Task: Exclude the pictures and set down, unaltered, the lines from the one that holds "Het nieuw vermeerdert" through the end of the data.

________________

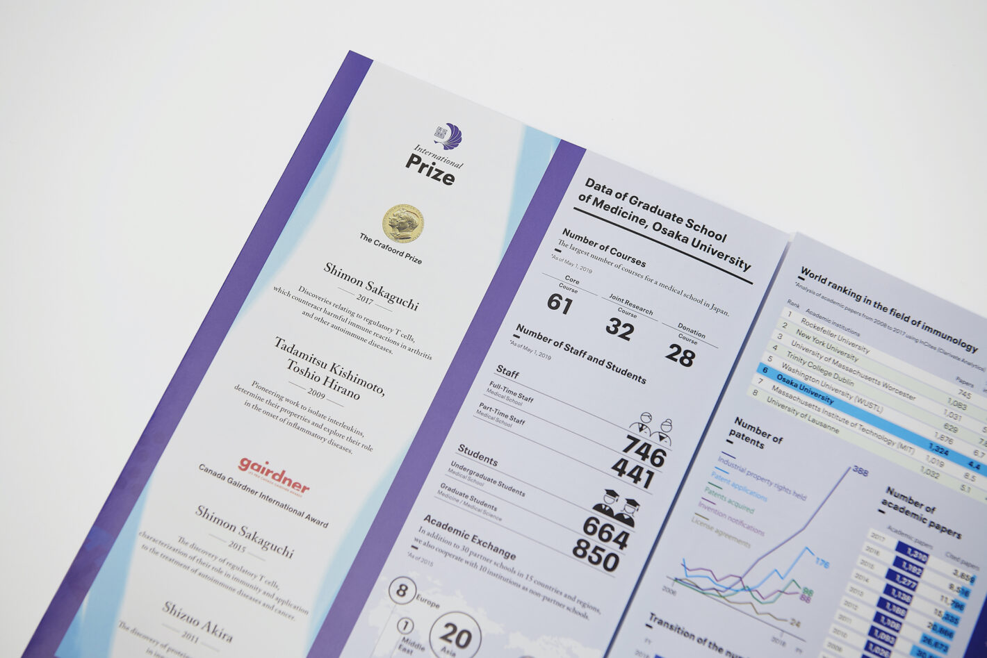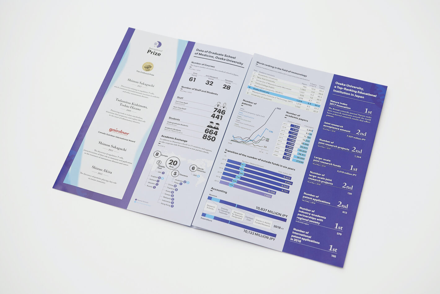 大阪大学医学系研究科・医学部海外向けパンフレット企画・制作編集執筆デザイン大学関係 企画・編集・執筆:株式会社フリッジ AD/D/Infographics:株式会社ボウルグラフィックス 制作実績一覧 大阪大学医学部の研究実績がインフォグラフィックスとコピーとでスピーディに伝わるパンフレットの、企画・制作、執筆、デザインまで全体を担当させていただきました。
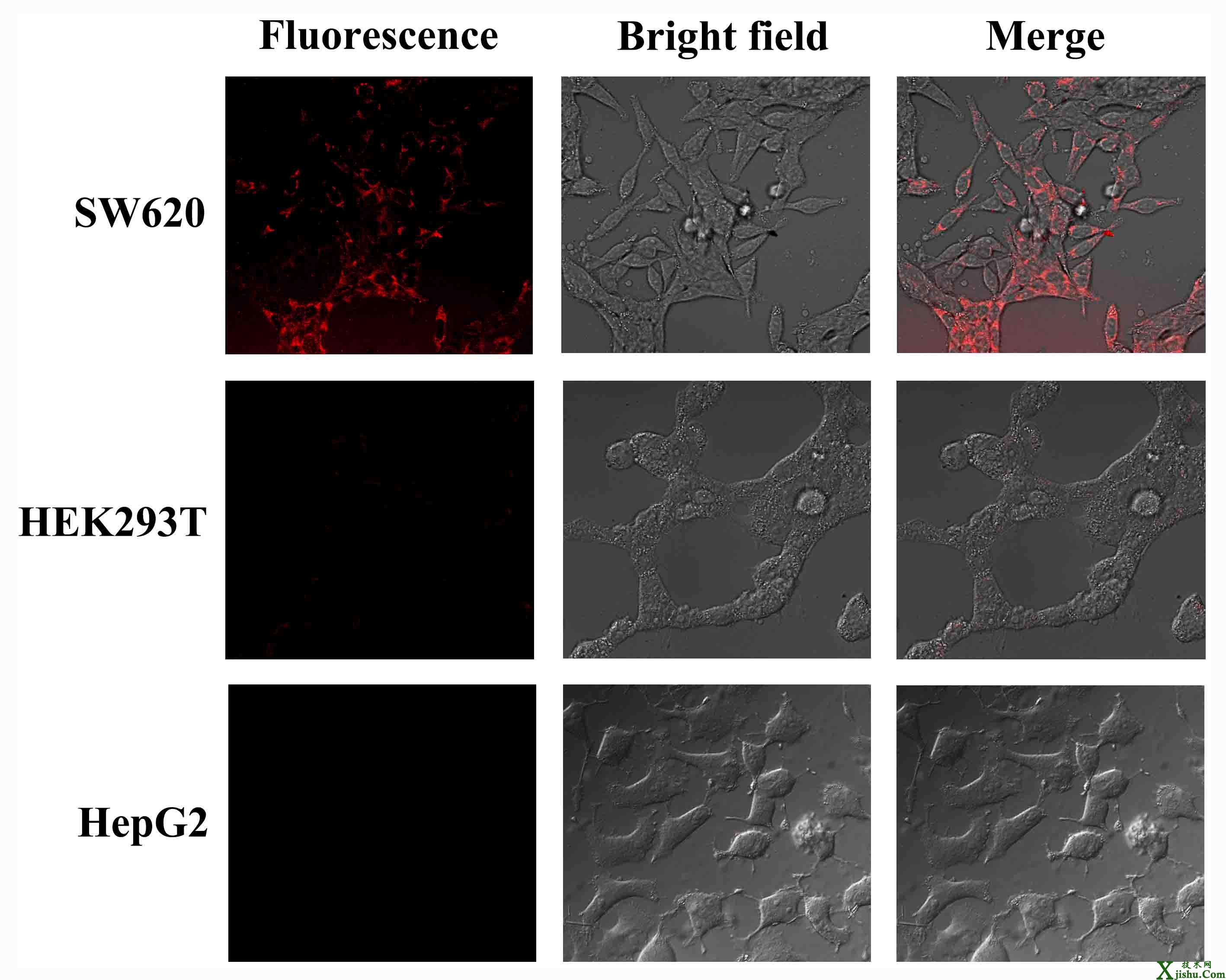 圖2. 靶標(biāo)細(xì)胞SW620和對照細(xì)胞(HEK29T和HepG2)與制備的仿病毒納米復(fù)合材料孵育后的激光共聚焦圖像
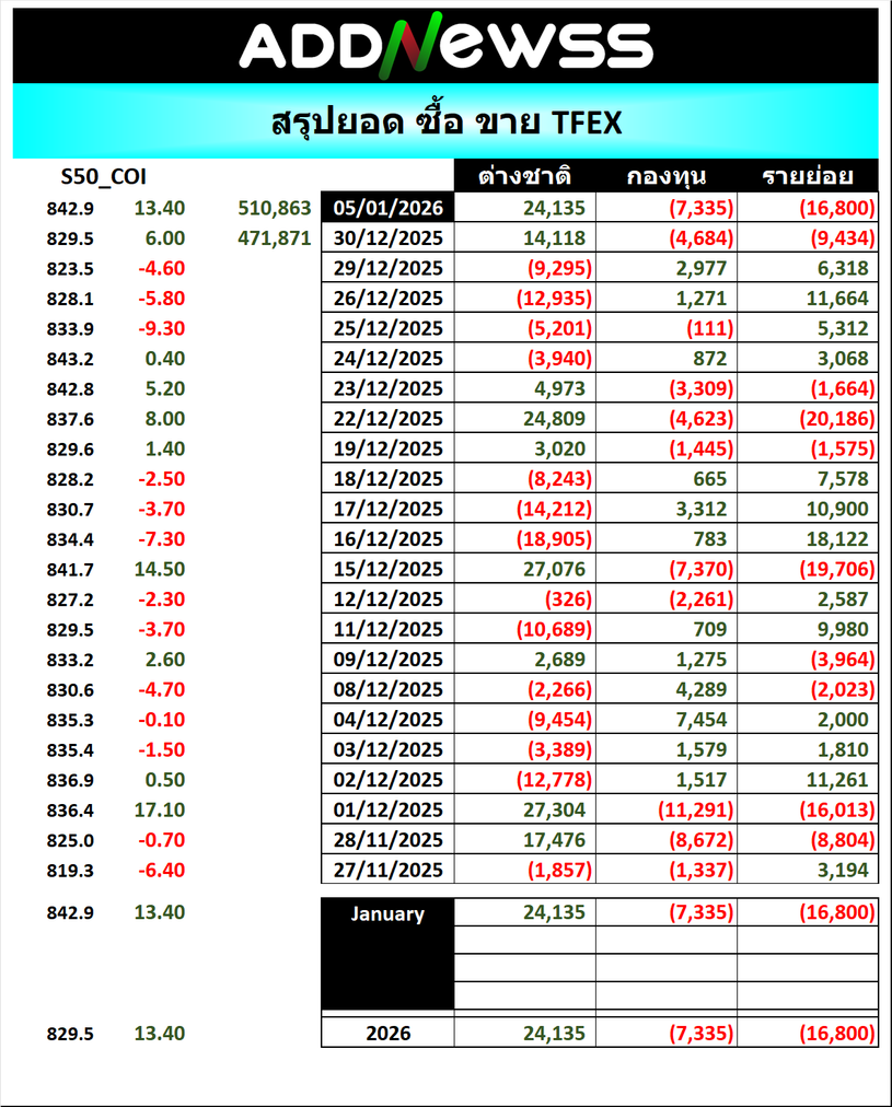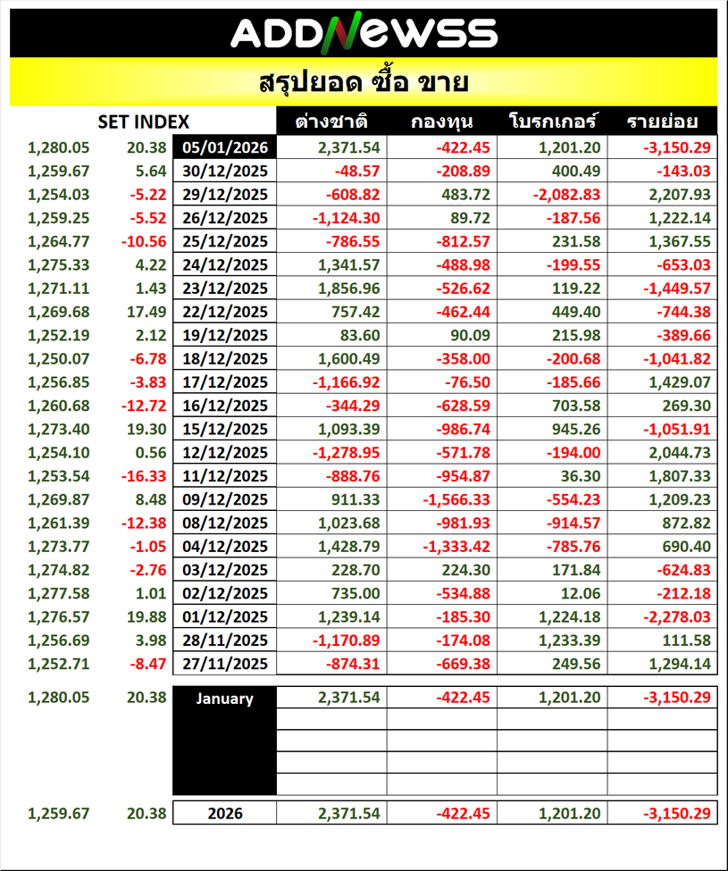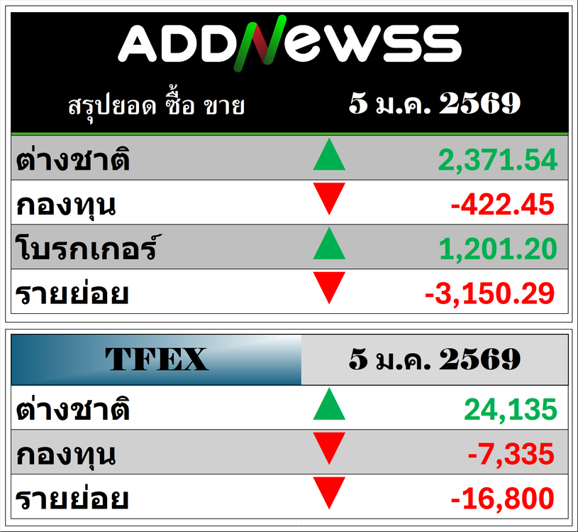 🔥🔥สรุปยอด 🟢ซื้อ🟢🔴 ขาย🔴 📅05/01/2025
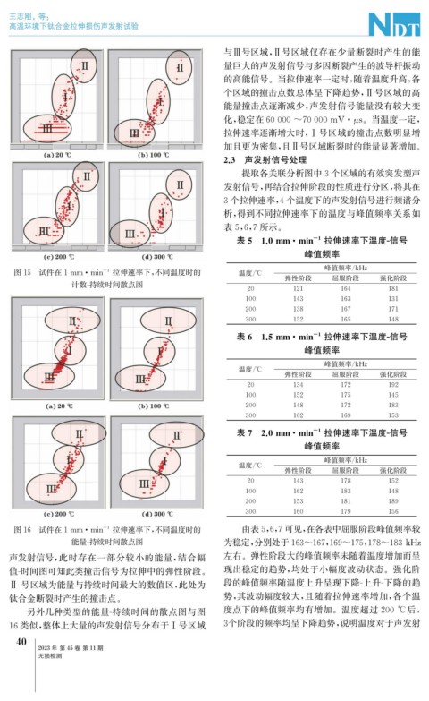 声发射信号, 此时存在一部分较小的能量, 结合幅 左右。弹性阶段大的峰值频率未随着温度增加而呈
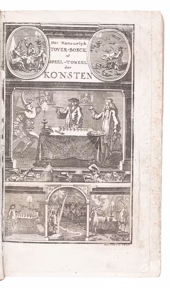 Het nieuw vermeerdert natuerlyk toover-boek of speel-tooneel der konsten. Bevattende omtrent 2000 natuerlyke toover-konsten en poetsen, zoo uyt de guychel tas als kaert-spel en tereling ... dienstig tot heerlyk vermaek.
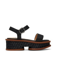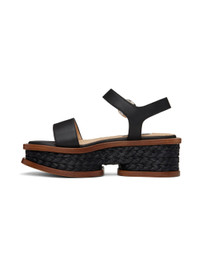 Handcrafted buffed nappa lambskin sandals in black. · Hand-woven raffia trim throughout · Open pointed toe · Strap at vamp · Pin-buckle ankle strap · Logo patch at padded footbed · Buffed calfskin lining · Platform wood midsole · Polished leather sole · Platform: H2.5" Supplier color: Black Upper: lambskin, calfskin. Sole: leather, textile, wood. Made in Italy 241854F124000

________________

Answer to the exercise:
 Het nieuw vermeerdert natuerlyk toover-boek of speel-tooneel der konsten. Bevattende omtrent 2000 natuerlyke toover-konsten en poetsen, zoo uyt de guychel tas als kaert-spel en tereling ... dienstig tot heerlyk vermaek.
 Handcrafted buffed nappa lambskin sandals in black. · Hand-woven raffia trim throughout · Open pointed toe · Strap at vamp · Pin-buckle ankle strap · Logo patch at padded footbed · Buffed calfskin lining · Platform wood midsole · Polished leather sole · Platform: H2.5" Supplier color: Black Upper: lambskin, calfskin. Sole: leather, textile, wood. Made in Italy 241854F124000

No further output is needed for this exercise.